VIENNA: Iran’s production of highly enriched uranium continues and it has not improved cooperation with the UN nuclear watchdog despite a resolution demanding this at the agency’s last board meeting, watchdog reports seen by Reuters showed on Thursday.

Iran’s stock of uranium in the form of uranium hexafluoride enriched to up to 60 percent purity, close to the roughly 90 percent of weapons grade, grew an estimated 22.6 kg to 164.7 kg, one of the two confidential quarterly International Atomic Energy Agency reports sent to member states said.

According to an IAEA yardstick, that is 2 kg short of being enough, in theory, if enriched further, for four nuclear bombs.
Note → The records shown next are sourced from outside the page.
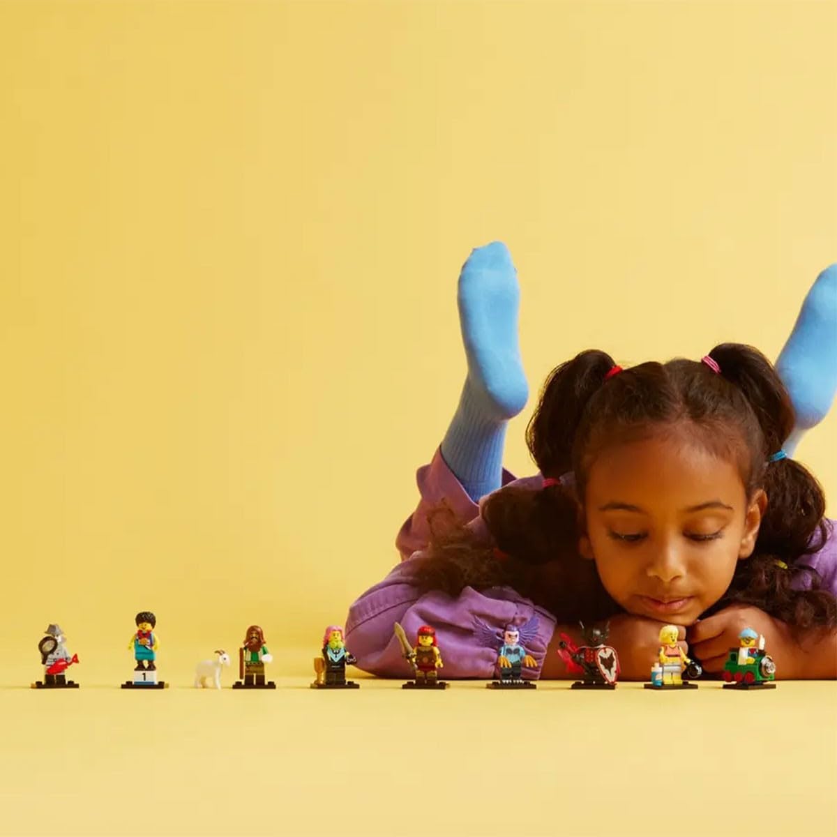 - FANTASTIC FIGURES - LEGO fans can expand their collection with 1 of 12 collectible figures in each mystery box, including Sprinter, Train Kid, Harpy and Costume Triceratops characters
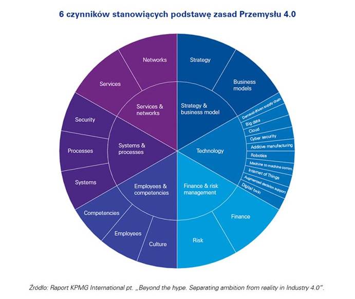 Raport KPMG International pt. „Beyond the hype. Separating ambition from reality in Industry 4.0” opisuje aktualny stan wdrożenia idei Przemysłu 4.0 na rynku. Opiera się na serii porównań pomiędzy wiod?cymi producentami przemysłowymi na całym świecie. Publikacja wskazuje także, w jaki sposób dzisiejsi liderzy rynku wykorzystuj? kompleksowe strategie Przemysłu 4.0, aby dokonać zmian w swoich modelach biznesowych, modelach operacyjnych i łańcuchach wartości.
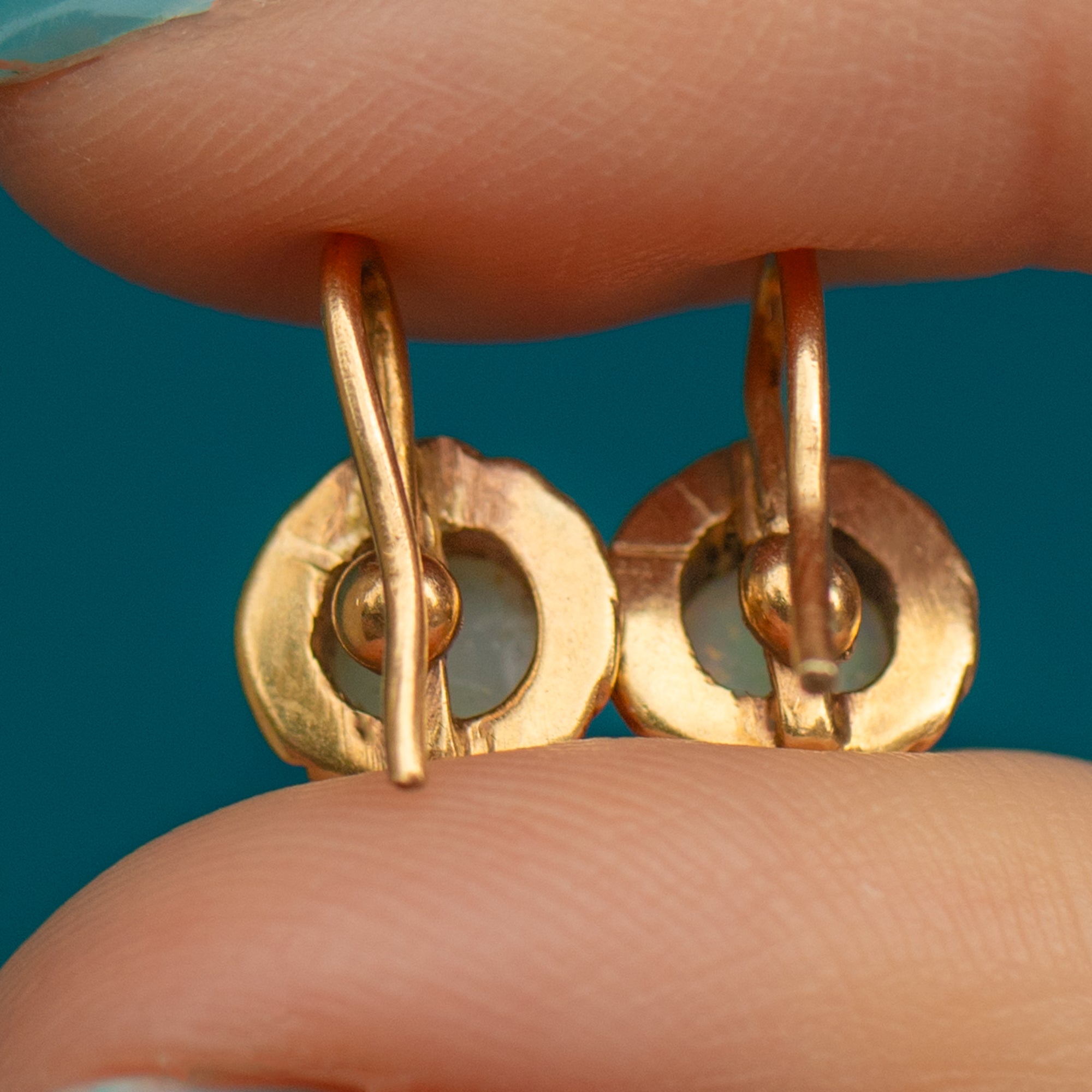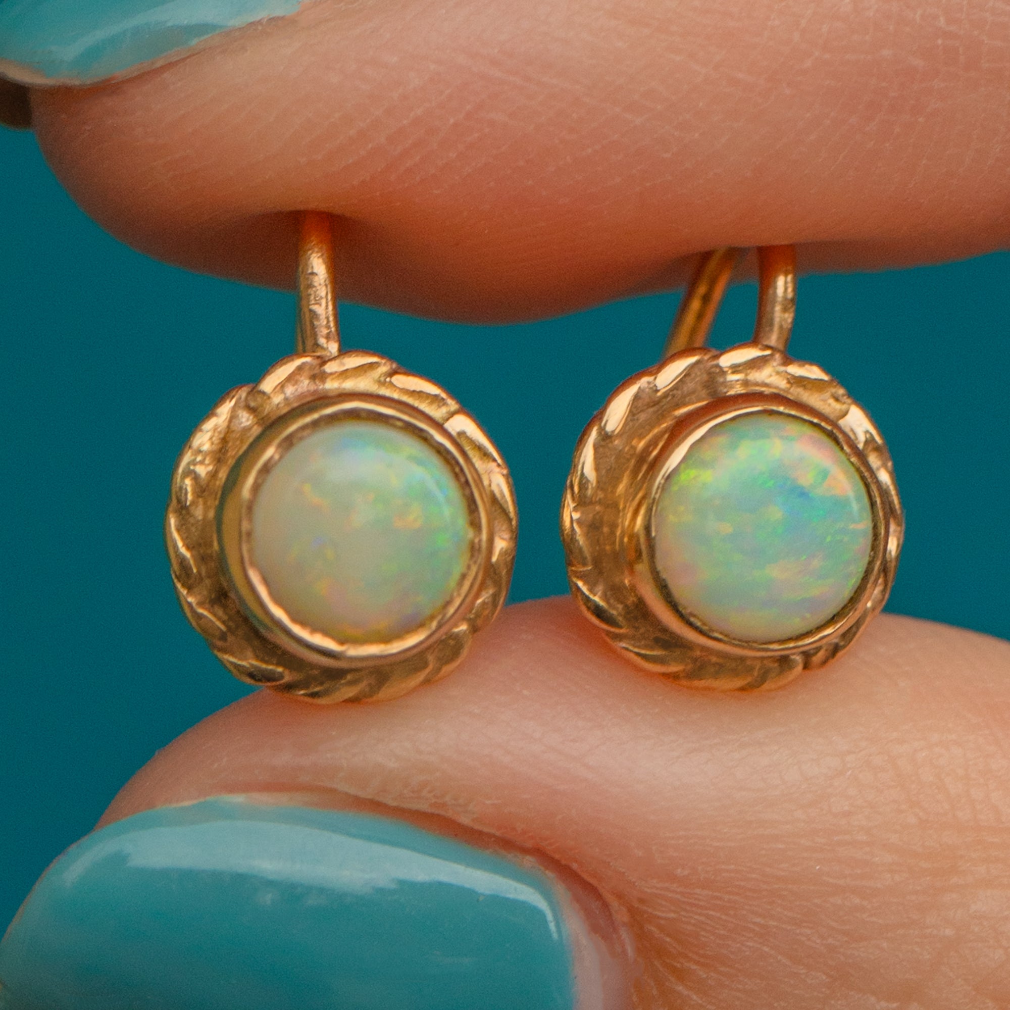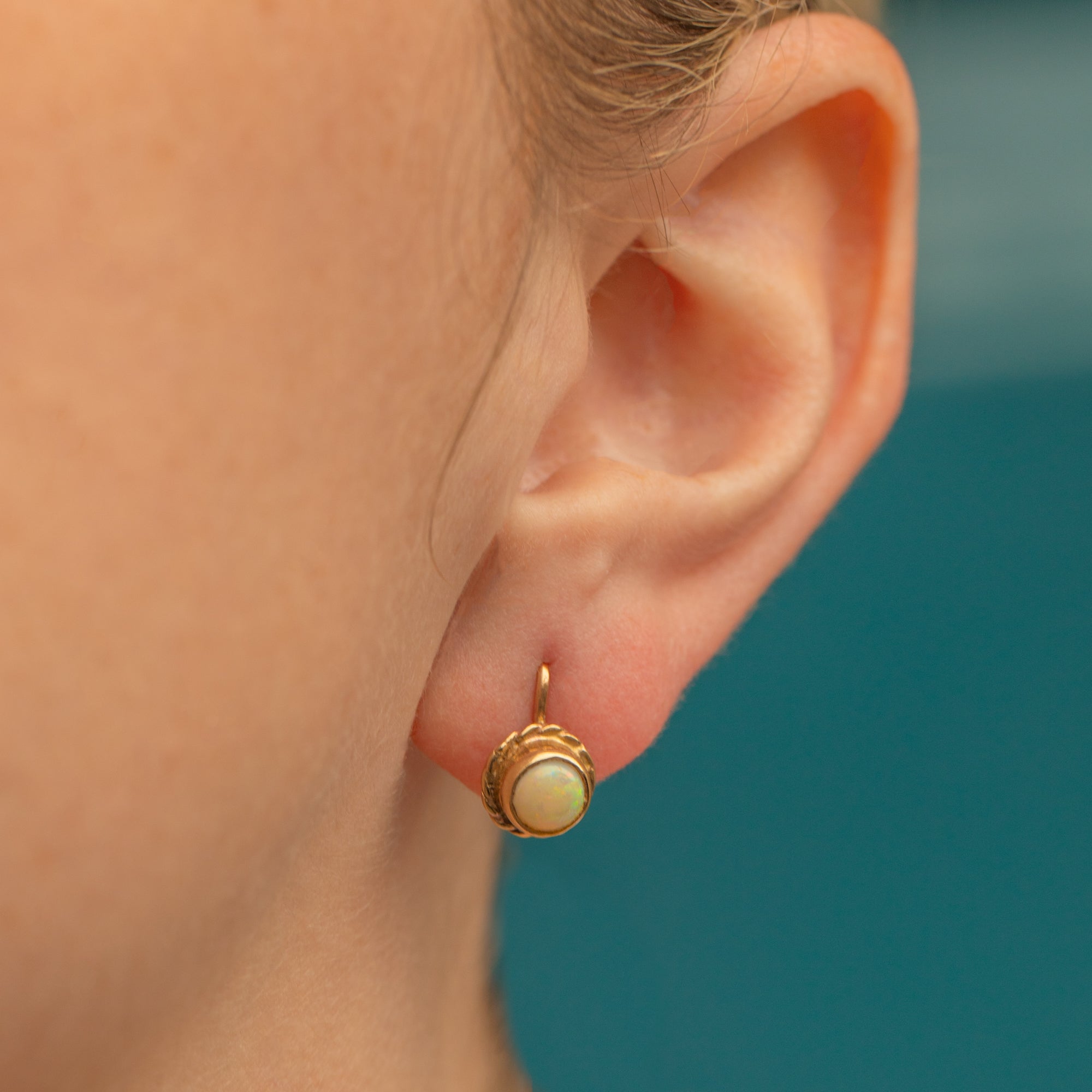 These Victorian Opal earrings possess a feminine allure with their rope edge making them look like flowers. With tight fitting ear hook, the Opals sit just below the lobe, making an elegant addition to your ear stack. Sure to become a staple within your collection, these Gold stud earrings are easily styled alongside your other Gold goodies.

“The (IAEA) Director General (Rafael Grossi) expresses the hope that his initial exchange with President Pezeshkian will be followed by an early visit to Iran and the establishment of a fluid, constructive dialogue that swiftly leads to concrete results,” said one of the two confidential, quarterly IAEA reports sent to member states on Thursday.

There has been no progress in the past quarter on several long-standing issues that have soured relations between the IAEA and Tehran, including Iran’s barring of IAEA inspectors specialised in enrichment and Iran’s failure to explain uranium traces at undeclared sites, the reports showed.

At the same time, the Islamic Republic has added cascades, or clusters, of centrifuges, machines that refine uranium, at its main enrichment sites in Natanz and Fordow.